Господии фон Вессениг осклабился и от удовольствия даже привстал на стременах.
– А ну-ка, угадай, – сказал он, – а мы поглядим, мастер ли ты угадывать. Итак, кто же прислал это письмецо? – Он понимающе подмигнул господину фон Румплеру. Каспар потупился.
На него внезапно пахнуло воздухом снов, надежда обласкала его, скрасила тусклое течение дней. Из смутной пелены сновидения явилась женщина со скорбным лицом и теперь парила впереди их коней. Каспар поднял глаза и дрожащими губами произнес:
– Не от моей ли матери это письмо?
Ротмистр нахмурился; может, ему показалось, что не стоит заходить так далеко в этой шутке, но, подавив в себе честный порыв, похлопал Каспара по плечу и крикнул:
– Отгадал, черт тебя возьми, отгадал! Но больше я тебе, дружок, ни слова не скажу, а то мне еще, пожалуй, нагорит. – Он покрепче уселся в седле и ускакал.

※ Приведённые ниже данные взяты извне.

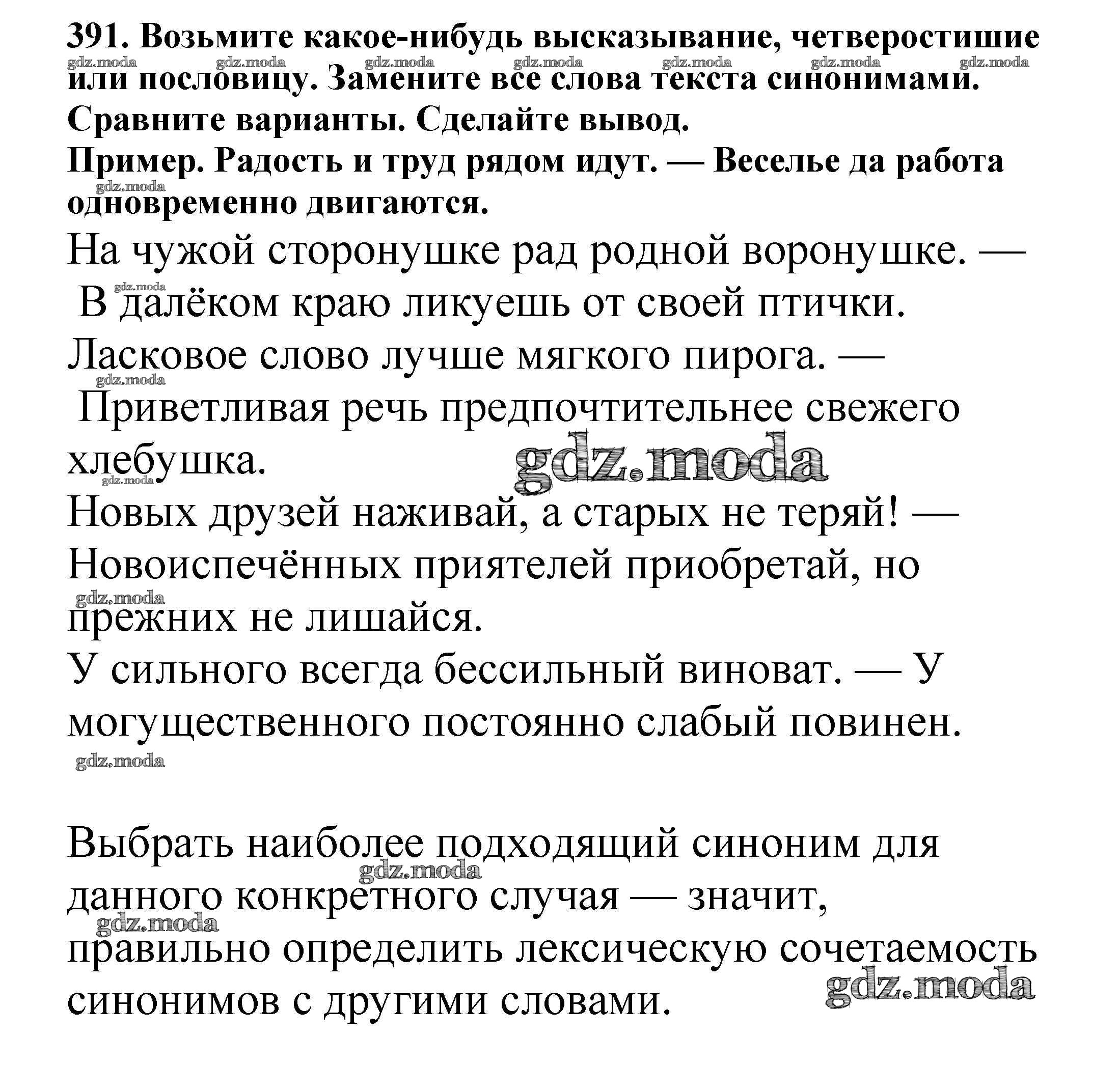 ГДЗ решение к заданию № 391 Русский язык 5 класс Ладыженская Т.А. Просвещение, Просвещение 2016, 2019 Часть 1, Часть 2 ФГОС бесплатно на гдз.мода!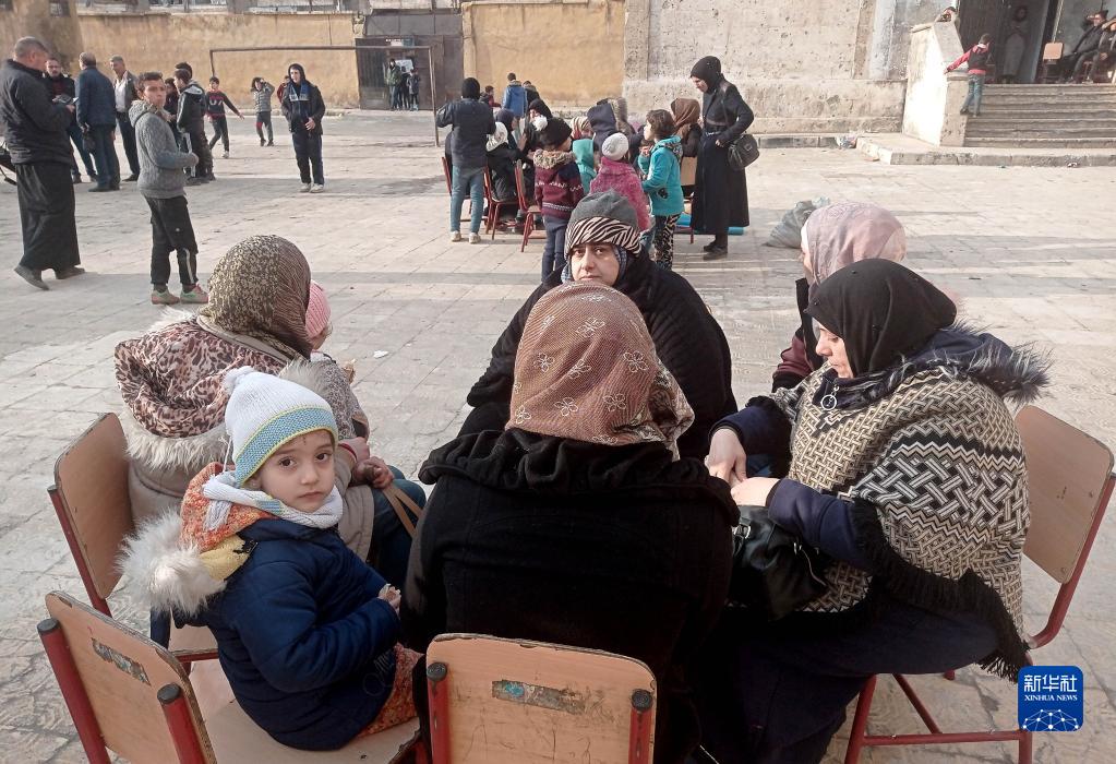 2月7日,受地震影響的人們在敘利亞阿勒頗省的一處安置點(diǎn)休息。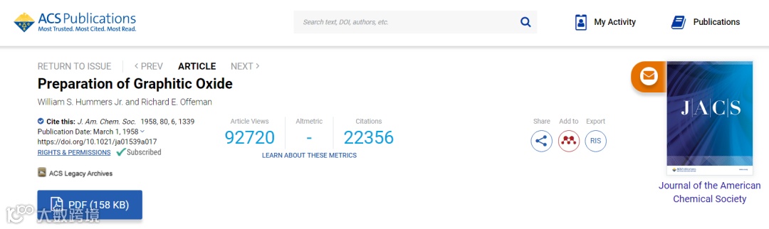 氧化石墨可以转换为氧化石墨烯,后者因其良好的分散性成为制备石墨烯的一条重要思路。考虑到这篇文章与材料科学领域的“超级明星”石墨烯存在关联,其阐述内容涉及重要原材料的制备方法学,因此有如此高的引用就不足为奇了。
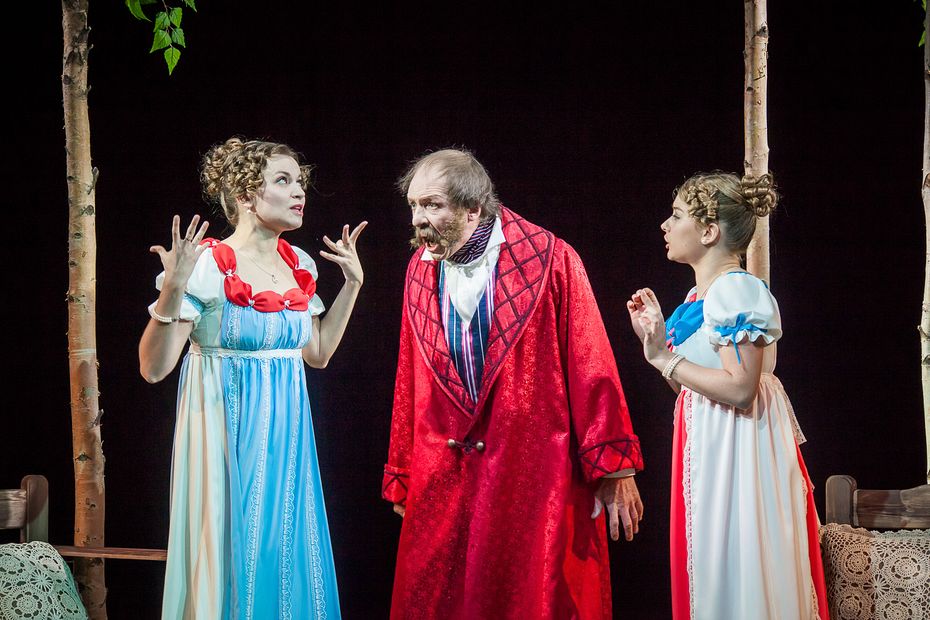 Давно ли вы видели на сцене Ивана Крылова? Скорее всего никогда! «Не басни же ставить?!», - возразите вы. А меж тем один из первых комедиографов русского театра писал не только про мартышку и очки. Театр Русской Драмы достаёт из запасников литературы настоящий бриллиант чистого юмора и колоритного русского языка - незаслуженно забытую пьесу «Урок дочкам». Комедию положений о девицах Лукерье и Фёкле, что «без французского языка, как без хлеба, сохнут», и о находчивом, но безденежном молодце Семёне - эдаким Фигаро русской сцены, худрук Театра Михаил Щепенко превращает в искрящийся юмором и музыкой водевиль. Спектакль «Урок дочкам» - это ещё один водевиль в репертуарной палитре театра. Театр «Русской драмы» вновь открывает публике «дефицитные» произведения русской классики в форме яркой театральности и азартной актёрской игры. Текст Крылова усиливается остроумными песенными куплетами, сочинёнными Михаилом Щепенко, и распахивает современному зрителю настоящую кладовую уже забытого, хоть и родного, языка. «Вить я индоохрипнула кричавши», «отбоярили», «неруси» - эти и другие «перлы» русской речи невзначай напоминают: а не слишком ли и мы увлеклись модным да заграничным, что нуждаемся в переводе с русского на русский?
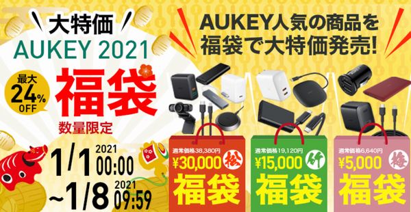 AUKEY(オーキー)は、2021年1月1日0時から1月8日9時59分まで、同社のイチオシ商品がセットになったお得な「中身の見える福袋」を販売すると発表した。

Через четверть часа Каспар чуть ли не в беспамятстве воротился домой. Семейство Даумеров уже сидело за столом. Все вопросительно на него уставились, Анна же непроизвольно встала, когда Каспар – на лбу его блестели капельки пота – подошел к креслу ее брата и из глотки его вырвался хриплый ликующий крик:
– Господин ротмистр получил письмо от моей матери!
Даумер в удивлении покачал головой. Он попытался разъяснить Каспару, что здесь имеет место какое-то недоразумение или ошибка: мать и сестра по мере сил его поддержали. Увы, тщетно. Каспар, молитвенно сложив руки, просил Даумера отправиться вместе с ним к Вессенигу. Даумер наотрез отказался, но волнение Каспара все возрастало, и Даумер сказал, что пойдет к Вессенигу один. Быстро доев то, что было на тарелке, он схватил пальто, шляпу и вышел.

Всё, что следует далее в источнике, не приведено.